This wasn’t a surprise, but it was nevertheless disheartening.
President Bush signed legislation Tuesday authorizing tough interrogation of terror suspects and smoothing the way for trials before military commissions, calling it a “vital tool” in the war against terrorism. […]
“With the bill I’m about to sign, the men our intelligence officials believe orchestrated the murder of nearly 3,000 innocent people will face justice,” Bush said.
That’s nonsense and Bush knows it (or, at a minimum, those who write the president’s remarks know it). We can bring terrorists to justice and acquire intelligence to prevent future attacks without this tragedy masquerading as legislation.
In describing this morning’s events, Dan Froomkin was at the top of his game.
President Bush this morning proudly signed into law a bill that critics consider one of the most un-American in the nation’s long history.
The new law vaguely bans torture — but makes the administration the arbiter of what is torture and what isn’t. It allows the president to imprison indefinitely anyone he decides falls under a wide-ranging new definition of unlawful combatant. It suspends the Great Writ of habeas corpus for detainees. It allows coerced testimony at trial. It immunizes retroactively interrogators who may have engaged in torture.
Here’s what Bush had to say at his signing ceremony in the East Room: “The bill I sign today helps secure this country, and it sends a clear message: This nation is patient and decent and fair, and we will never back down from the threats to our freedom.”
But that may not be the “clear message” the new law sends most people.
Here’s the clear message the law sends to the world: America makes its own rules. The law would apparently subject terror suspects to some of the same sorts of brutal interrogation tactics that have historically been prosecuted as war crimes when committed against Americans.
Here’s the clear message to the voters: This Congress is willing to rubberstamp pretty much any White House initiative it sees as being in its short-term political interests. (And I don’t just mean the Republicans; 12 Senate Democrats and 32 House Democrats voted for the bill as well.)
Here’s the clear message to the Supreme Court: Review me.
Obviously it’s too late, and I’m not suggesting we have yet another lengthy debate about a bill — pardon me, a law — that strikes at the heart of our system of justice.

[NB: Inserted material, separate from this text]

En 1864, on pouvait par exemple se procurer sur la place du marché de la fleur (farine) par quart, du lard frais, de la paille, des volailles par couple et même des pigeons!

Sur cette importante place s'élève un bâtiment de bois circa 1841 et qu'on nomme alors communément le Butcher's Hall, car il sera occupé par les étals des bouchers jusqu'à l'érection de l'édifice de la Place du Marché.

I nevertheless think it’s important to remember exactly what this measure, which Bush was “proud” to sign today, does.
Enemy Combatants: A dangerously broad definition of “illegal enemy combatant” in the bill could subject legal residents of the United States, as well as foreign citizens living in their own countries, to summary arrest and indefinite detention with no hope of appeal. The president could give the power to apply this label to anyone he wanted.
The Geneva Conventions: The bill would repudiate a half-century of international precedent by allowing Mr. Bush to decide on his own what abusive interrogation methods he considered permissible. And his decision could stay secret — there’s no requirement that this list be published.

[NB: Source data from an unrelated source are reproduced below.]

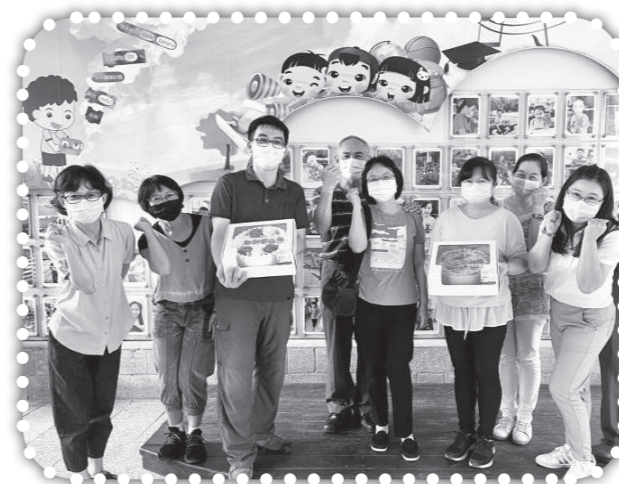
▲送蛋糕給鄉裏的四所國中國小的校長老師們祝福他們教師節愉快。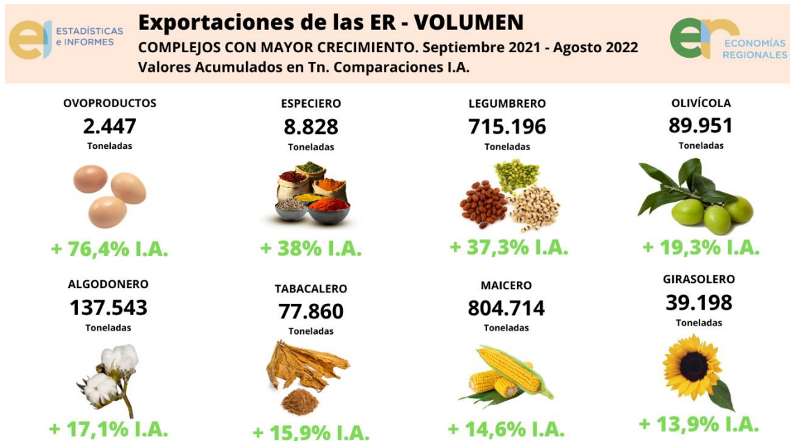
Gráfico 4: Monitor de Exportaciones de las Economías Regionales: los 8 complejos productivos de Argentina que más crecieron en volumen .

Complejo Olivícola: Muestra un crecimiento del 19,3% en el período analizado, alcanzando las 89.951 toneladas exportadas.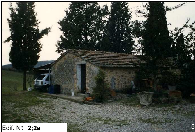
Edif. N° 2;2a

Habeas Corpus: Detainees in U.S. military prisons would lose the basic right to challenge their imprisonment. These cases do not clog the courts, nor coddle terrorists. They simply give wrongly imprisoned people a chance to prove their innocence.
Judicial Review: The courts would have no power to review any aspect of this new system, except verdicts by military tribunals. The bill would limit appeals and bar legal actions based on the Geneva Conventions, directly or indirectly. All Mr. Bush would have to do to lock anyone up forever is to declare him an illegal combatant and not have a trial.
Coerced Evidence: Coerced evidence would be permissible if a judge considered it reliable — already a contradiction in terms — and relevant. Coercion is defined in a way that exempts anything done before the passage of the 2005 Detainee Treatment Act, and anything else Mr. Bush chooses.
Secret Evidence: American standards of justice prohibit evidence and testimony that is kept secret from the defendant, whether the accused is a corporate executive or a mass murderer. But the bill as redrafted by Mr. Cheney seems to weaken protections against such evidence.
Offenses: The definition of [tag]torture[/tag] is unacceptably narrow, a virtual reprise of the deeply cynical memos the administration produced after 9/11. Rape and sexual assault are defined in a retrograde way that covers only forced or coerced activity, and not other forms of nonconsensual sex. The bill would effectively eliminate the idea of rape as torture.
Someday, our country will rediscover our values, decency, and moral compass. Today, however, is not that day.